There's a bug here -- reporting an occurs check is premature. We should really be able to infer the type

   tailList :: (b ~ Flip (Flip b)) => List a b -> List a (Flip b)

But we get the same bogus occurs-check error with this signature.

This example also illustrates why we might want closed families. If you look at the type constraints arising from tailList you'll see that you get (c ~ Flip b, b ~ Flip c) where c is the existential you get from the GADT match. Now, we know that b = Flip (Flip b) is always true, but GHC doesn't. After all, you could add new type instances

	type instance Flip Int = Bool
   	type instance Flip Bool = Char

and then the equation wouldn't hold. What we really want is a *closed* type family, like this

	type family Flip a where
		Flip Even = Odd
		Flip Odd = Even

(preferably supported by kinds) and even *then* it's not clear whether it's reasonable to expect the compiler to solve the above problem by trying all possiblities. This relates to #2101

Change History

Changed 5 years ago by igloo

  • milestone set to 6.10 branch

Changed 5 years ago by simonmar

  • architecture changed from Unknown to Unknown/Multiple

Changed 5 years ago by simonmar

  • os changed from Unknown to Unknown/Multiple

Changed 5 years ago by chak

  • status changed from new to closed
  • resolution set to invalid

We agreed that this

tailList :: (b ~ Flip (Flip b)) => List a b -> List a (Flip b)

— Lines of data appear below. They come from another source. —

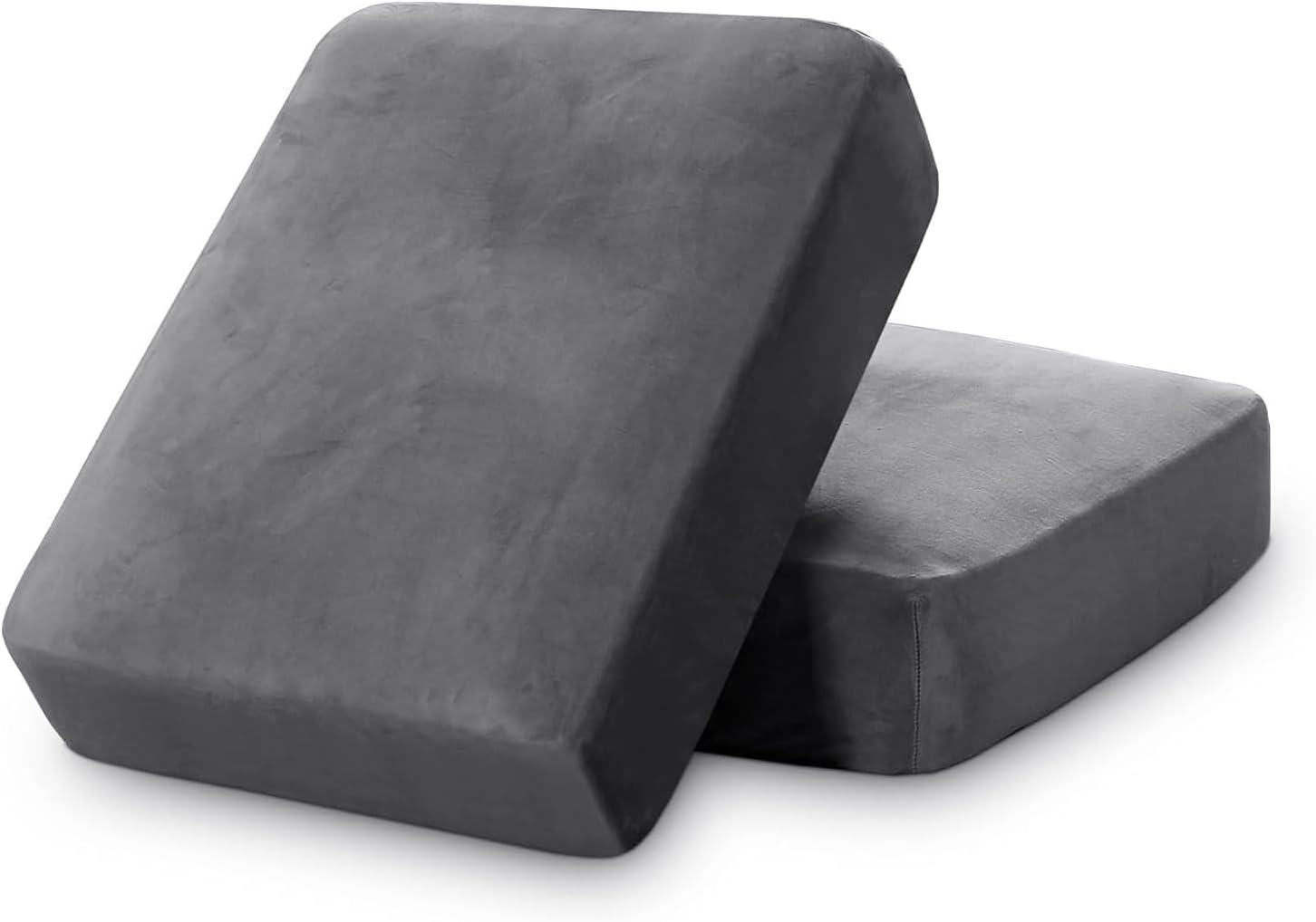PrinceDeco Stretch Velvet Couch Cushion Covers for Individual Cushions Sofa Cushion Cover Seat, Sofa Covers Washable, Couch Seat Cushion Covers for Sectional (2 Pieces, Grey)
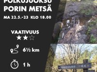 Lisätietoja Porin Ladun polkujuoksuohjaajalta: Eemeli Lappalainen p. 046 851 4010 ja Jarno Kuula p 040 7329065.
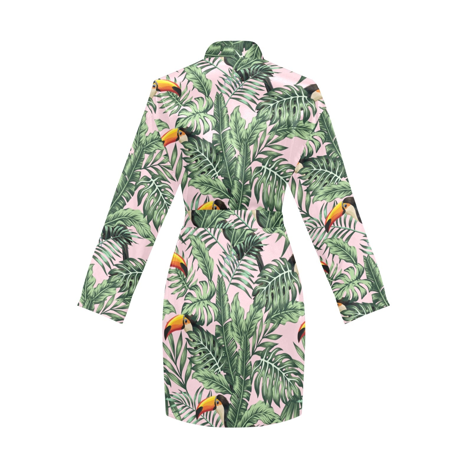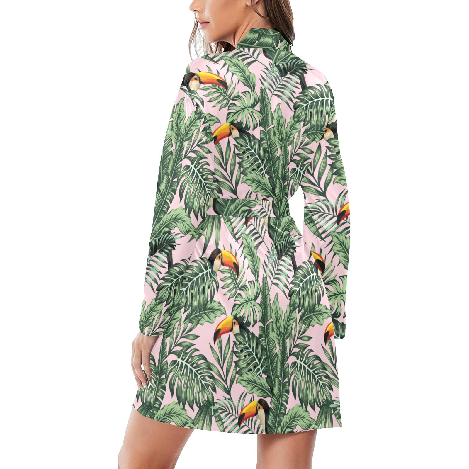 Toucan tropical green jungle palm pattern Women's Long Sleeve Belted Night Robe
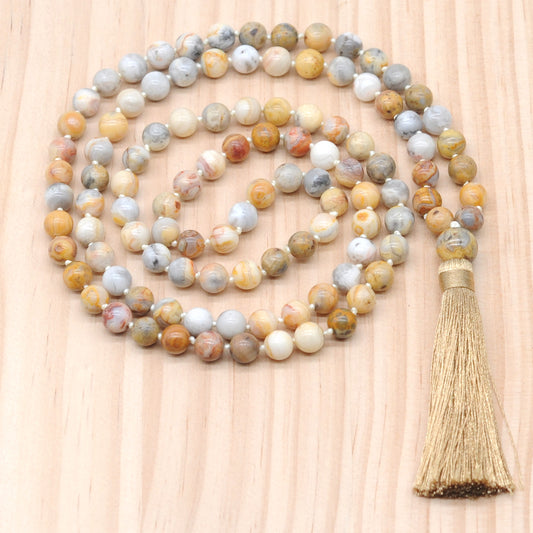 GMN10 Hand-Knotted Matte Yellow Crazy Agate 108 Beads Mala NecklaceRegular price From $9.60 USDRegular priceUnit price per-
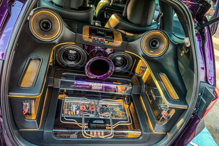 Asli memang modifikasi audio Honda BR-V ini bikin mata melongo karena sepintas mirip singgasana sultan yang bertabur emas.
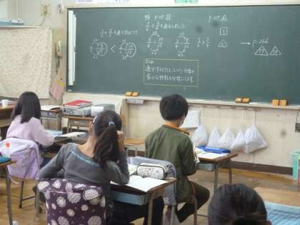 5年生は分数の学習です。通分や約分は、分母の最小公倍数や最大公倍数を見つけることが苦手だと、つまずきやすいところです。みんな、たくさん練習して力を付けてくださいね。
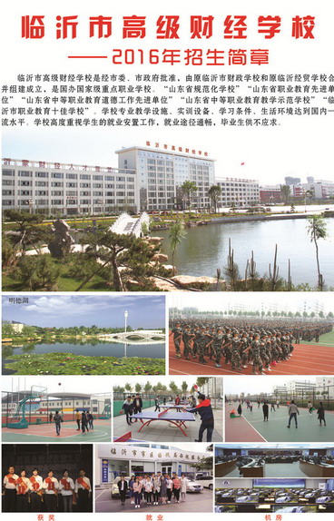臨沂高級(jí)財(cái)經(jīng)學(xué)校是在臨沂市財(cái)政學(xué)校、臨沂經(jīng)貿(mào)學(xué)校整合的基礎(chǔ)上,由市委、市政府正式批準(zhǔn)成立的國(guó)辦學(xué)校,系國(guó)家級(jí)重點(diǎn)中等專業(yè)學(xué)校,臨沂市財(cái)政局直屬正縣級(jí)事業(yè)單位,山東省會(huì)計(jì)從業(yè)資格考試指定考點(diǎn)。多年來(lái)為全省財(cái)稅系統(tǒng)和企事業(yè)單位輸送了大批骨干人才,被譽(yù)為“沂蒙財(cái)會(huì)人才的搖籃”。我校是全市十佳職業(yè)學(xué)校、平安臨沂建設(shè)先進(jìn)單位、山東省德育工作先進(jìn)集體單位。 臨沂高級(jí)財(cái)經(jīng)學(xué)校歷來(lái)重視學(xué)生專業(yè)基本技能的培養(yǎng),多次參加省、市專業(yè)技能大賽,所獲成績(jī)?cè)谌?、全市?dú)占鰲頭。我校極為重視畢業(yè)生的就業(yè)安置工作,已與臨沂各大銀行、保險(xiǎn)公司、移動(dòng)、聯(lián)通、煙草、新華書(shū)店..
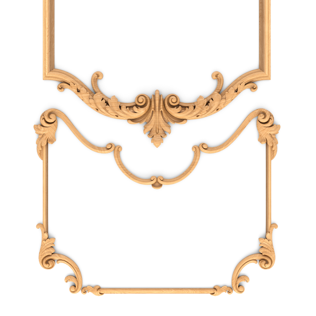Decorating mirrors or paintings carved inlays By using the C.VRS-061 set, you will emphasize their elegance and complete the interior. This approach is especially relevant for living rooms and bedrooms designed in a classic style.
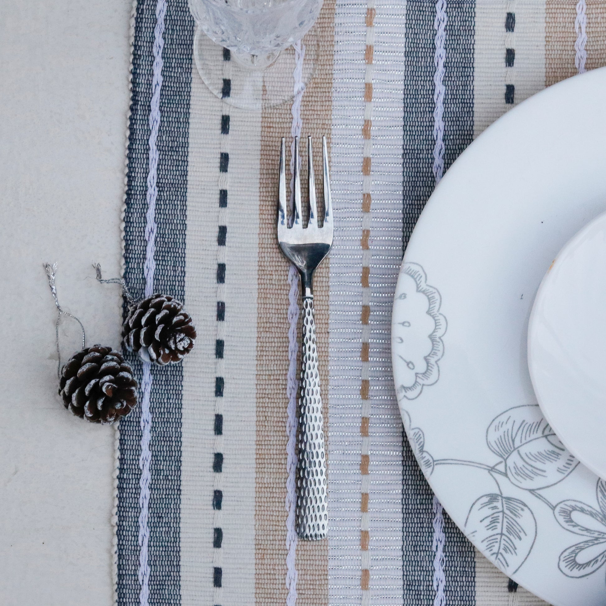 The hand-woven look includes subtle dash-stitch details that add unique texture and craftsmanship. Perfect for casual family dinners or for creating a beautiful, layered tablescape for entertaining. Its neutral colors make it versatile enough to pair with both patterned and solid dinnerware year-round.
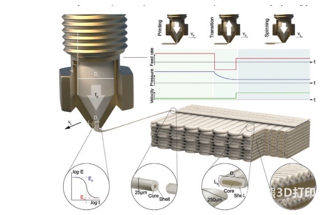 However, composite materials are difficult to recycle and are not conducive to sustainable development. In contrast, light-weight materials in nature, such as bone, silk, and wood, form complex hierarchical structures through directed self-assembly, thereby exhibiting excellent mechanical properties and capable of recycling in nature. In 2018, a research team from the Swiss Federal Institute of Technology in Zurich published a study on thermotropic liquid crystal polymers in the journal Nature.3D printingrelated research, through3D printingThermotropic liquid crystal polymers obtain high-strength, lightweight recyclable parts that self-assemble into core-shell structures[1]. In 2021, on this basis, the team proposed spinning3D printing technologyPrinting liquid crystal polymers[2]. In order to realize the spinning process based on melt extrusion, the research team controlled the feed rate of the polymer, accumulated the molten polymer at the nozzle, and finally pulled out the fibers at a high draw rate. Its printing principle is shown in Figure 1.
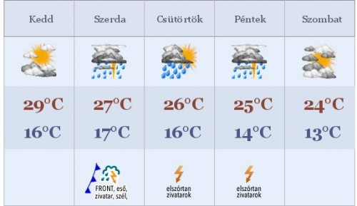 Nyugodt idő várható kedden, estétől azonban nyugaton megvastagodhat a felhőzet, így itt lehetnek újra záporok. Gyenge szél mellett hajnalban 12-17°C-ig hűl a levegő, napközben 26-31°C körül alakulnak majd a legmagasabb hőmérsékletek. Szerdára nyugat, délnyugat felől egy mediterrán ciklonnak köszönhetően nagy nedvességtartalmú levegő áramlik a térségünkbe, reggel eleinte délen, majd a nap folyamán nyugaton és északon, északkeleten várható eső, záporeső, délen zivatar is. Főként a Dunántúlon nagy mennyiségű esőre van kilátás. Mérsékelt szél mellett hajnalban 14-19°C-ig hűl a levegő.
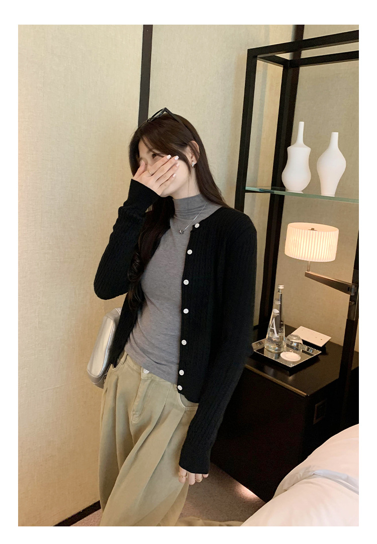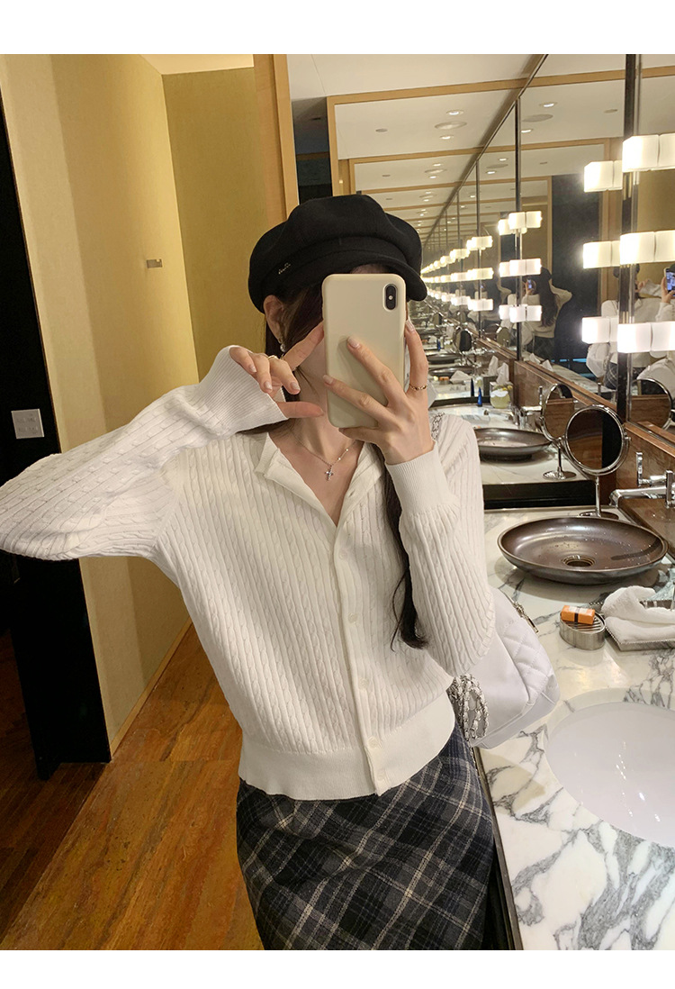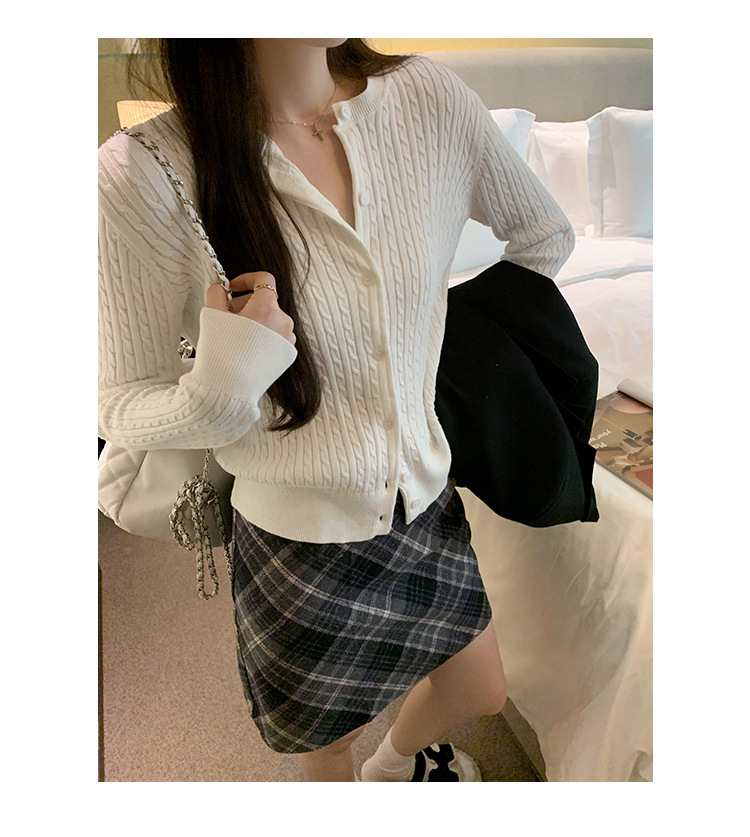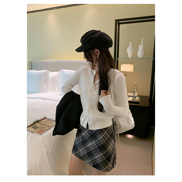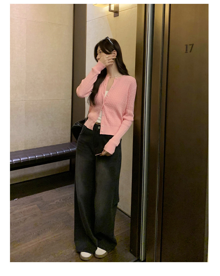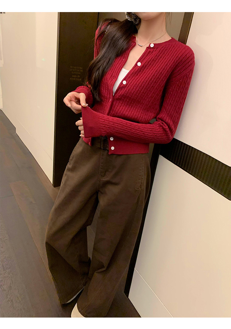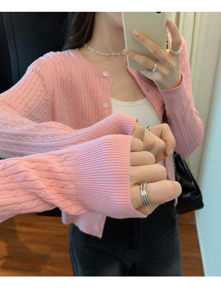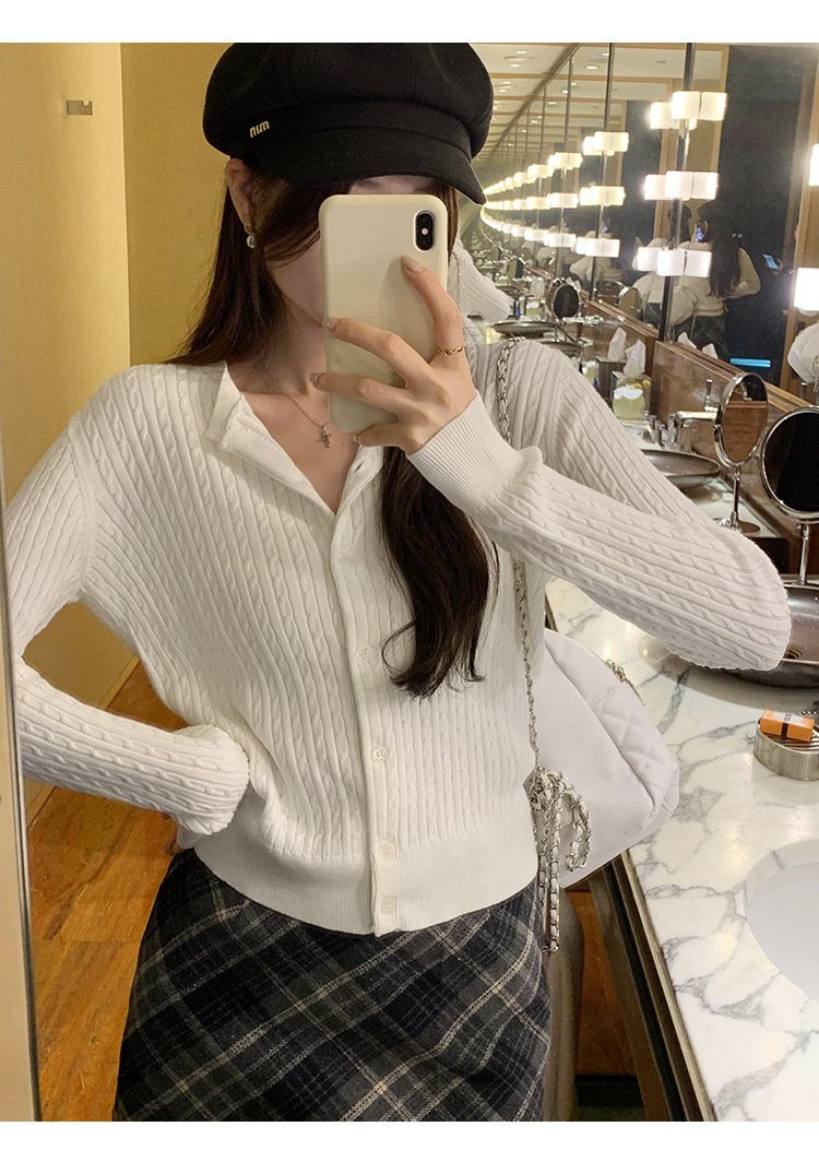 트위스트 라운드 넥 롱 슬리브 니트 카디건 여자 2024 가을 및 겨울 새로운 한국 스타일 우아한 슬림 핏 슬리밍 올 매치 탑스토어 가기

is not the right signature.

The new solver doesn't produce the infinite-type error message, but the usual one where it complains about not being able to instantiate a rigid type.

Changed 5 years ago by simonpj

Just to fill in the details here. The type of Cons is

Cons :: forall a b. forall c. (b ~ Flip c) => a -> List a c -> List a b

The task is this:

b ~ Flip (Flip b), b ~ Flip c  |-  List a (Flip b) ~ List a c

And indeed that isn't provable. If we'd written the type of Cons the other way about, thus:

Cons :: forall a b. a -> List a (Flip b) -> List a b

then we could prove it; but doubtless something else would go wrong. To do it right we'd have to give this type to Cons

Cons :: forall a b c. (b ~ Flip c, c ~ Flip b) => a -> List a c -> List a b

Which we could. But it seems uncomfortably fragile.